Что тогда вообще несравненному герою и предержавному монарху Петру, на земле первому и великому, на небе уже успокоенному и ублаженному токмо, наивожделеннеше было, то ныне в России, при благополучнейшей державе дщери Петровой, августейшей Елисаветы, первой, благочистивой, благополучной, отчасти самым делом началося. То есть когда оный прещедрый основатель сея своея Академии, академическое здание как приуготовлять, так всеми потребностями снабдевать, когда особливые уставы, по которым бы поступали академики, преднаписав положить; когда разумнейших, искуснейших, ученнейших и способнейших людей ко изобретению и к привидению в совершенство изящных наук и высоких знаний, также и к научению оным совершенно императорским иждивением по всей Европе изыскивать изволил, то другого большого плода, толь от похвального и толь от полезного учреждения приобрести он не желал, как токмо чтоб потом, в некоторое время их всеподданнейшей и домашней своей юности, многих способных к отправлению профессорской иметь и чрез то б способнее и действительнее как о бессмертной славе своего народа, так особливо о знатном прибытке от них между тем учащихся, а больше об истинной пользе своего государства промысл учинить, и от того крайнее увеселение самому себе получить, ему бы пощастилось.

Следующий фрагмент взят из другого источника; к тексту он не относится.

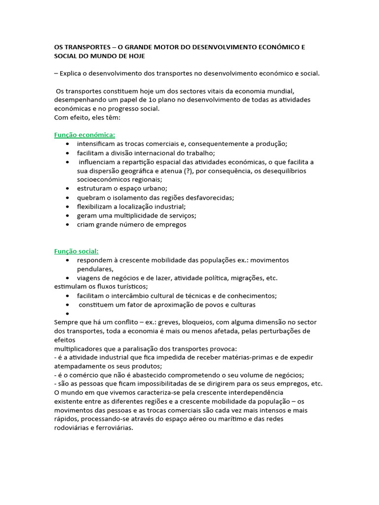 – Explica o desenvolvimento dos transportes no desenvolvimento económico e social.
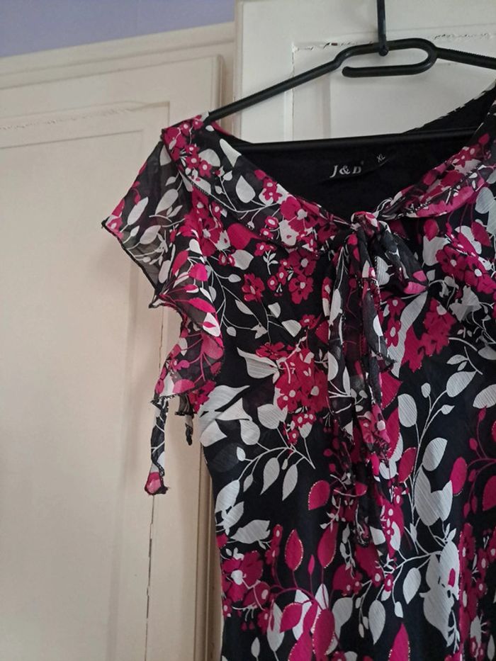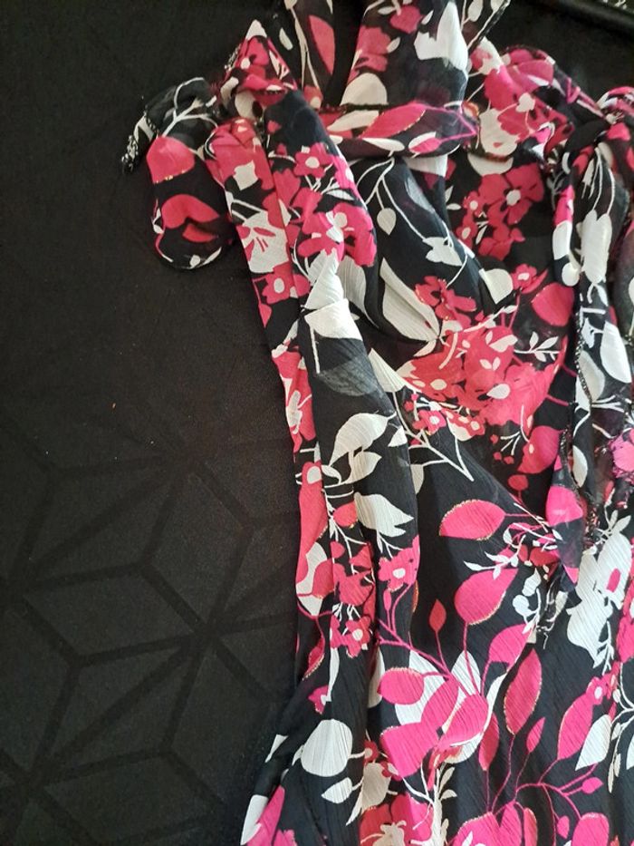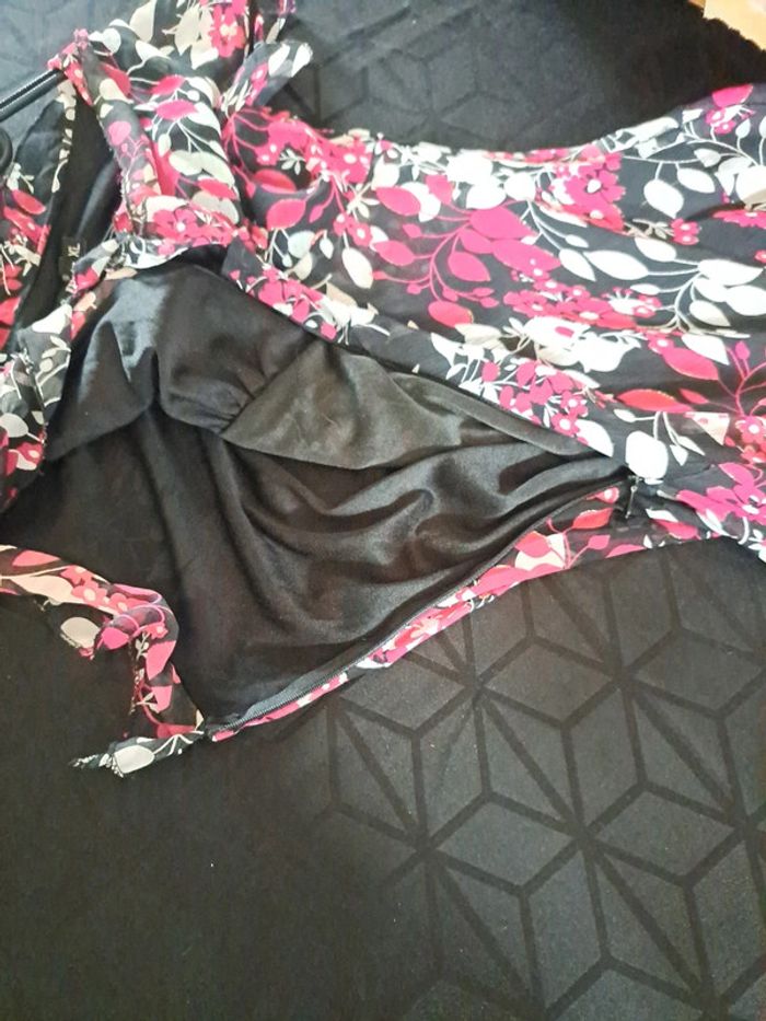 Sublime robe  fleuries rose fushia et noire XL - photo numéro 3

Но, ах горе! не пощастилось, едва без слез выговорить можно, божественнейшему не пощастилось Мужу, как токмо сим теплым желанием чрез всю жизнь, сердце свое то есть неоцененное сокровище, всегда не довольно прославляемыя добродетели тайно увеселять. Ибо, кому все бессмертным быть желали [11]11
  Цитата из «Слова на погребение Петра Великого» Феофана Прокоповича (примеч. сост. – А. В.)


[Закрыть]
, того, ах! и ныне еще весьма печально вспомянуть, того нечаянной и весьма мучительной смерти темный похитил день,и, по божиему пределу, в гроб заключил трупоносный(Вирг. Энеид., кн. 6).<…>

ЧАСТЬ I

Наибогатейшая есть Элоквенция в рассуждении вещей, наиразличнейшая в рассуждении языков, наихитрейшая в рассуждении слов, наинесходственнейшая наконец в рассуждении особ, толь в необъятном сем пространстве материи никому поистинне, хотя б мне подобному, никогда недостатка в слове не будет; и посему не толь Витию искать должно, где ему взять что говорить, и чем утвердить предлагаемое, коль хранить надобно мерность в приведении вещей, которые добровольно сами себя приносят. Сия есть причина, что и я нарочно опустить рассудил, и толь наипаче, что оно у всех есть бесспорное, то есть что красноречие всегда долженствует быть искусное, приличное, мерное, красное, порядочное, связное, обильное, расцвеченное, сильное, оно ж иногда высокое и великолепное, иногда умеренное и цветное, иногда простое и дружеское, иногда витиеватое и тонкое; которое, сверх того, все, ежели не будет все, ежели не будет истинное, то есть ежели не будет обучено от премудрости, которая есть твердое божественных, естественных и человеческих вещей познание; или лучше, ежели премудрость красноречия не рождает, не содержит и не управляет, то необходимо должно, чтоб оно было ложное, притворное, пустое и ученого безумия, равно как и безумного учения источник и корень.

И понеже сие так, то повторю, что наибогатейшая есть элоквенция, которая, основавшись на премудрости, вещи мыслит, к вещам прилежит, вещи изобретает, вещи располагает, вещи, наконец, выговаривает. И поистине кто понять или, по крайней мере, исчислить когда может все вещи до одной, о которых бы элоквенция словом или писанием рассуждать не могла? Сколько их ни есть на небе, на воздухе, на земле, между водами и в водах то есть, или звезда, светила, огни; или планеты, кометы, ветры, дожди, громы, радуги; или каменья, жемчуги, травы, древа, плоды, птицы, скоты, человеки; или моря, источники, реки, рыбы, киты и прочие бесчисленные в сем общем, прекрасном и удивительном мире вещей находящиеся – сие все обще и каждая особливо элоквенции в рассуждение приходят. Всякое притом так называемое единственное и общественное, всякое отлученное и слученное, всякое слово и дело, всякое хотение и действие, все добродетели и пороки, все,<… >но на что много исчислять, почитай, с докукою? все, вкратце, что чувствами понимается и от чувств убегает и еще сам Бог преблагим превеликийсверх всех вещей в свете, обильнейшая и благочестнейшая есть материя элоквенции.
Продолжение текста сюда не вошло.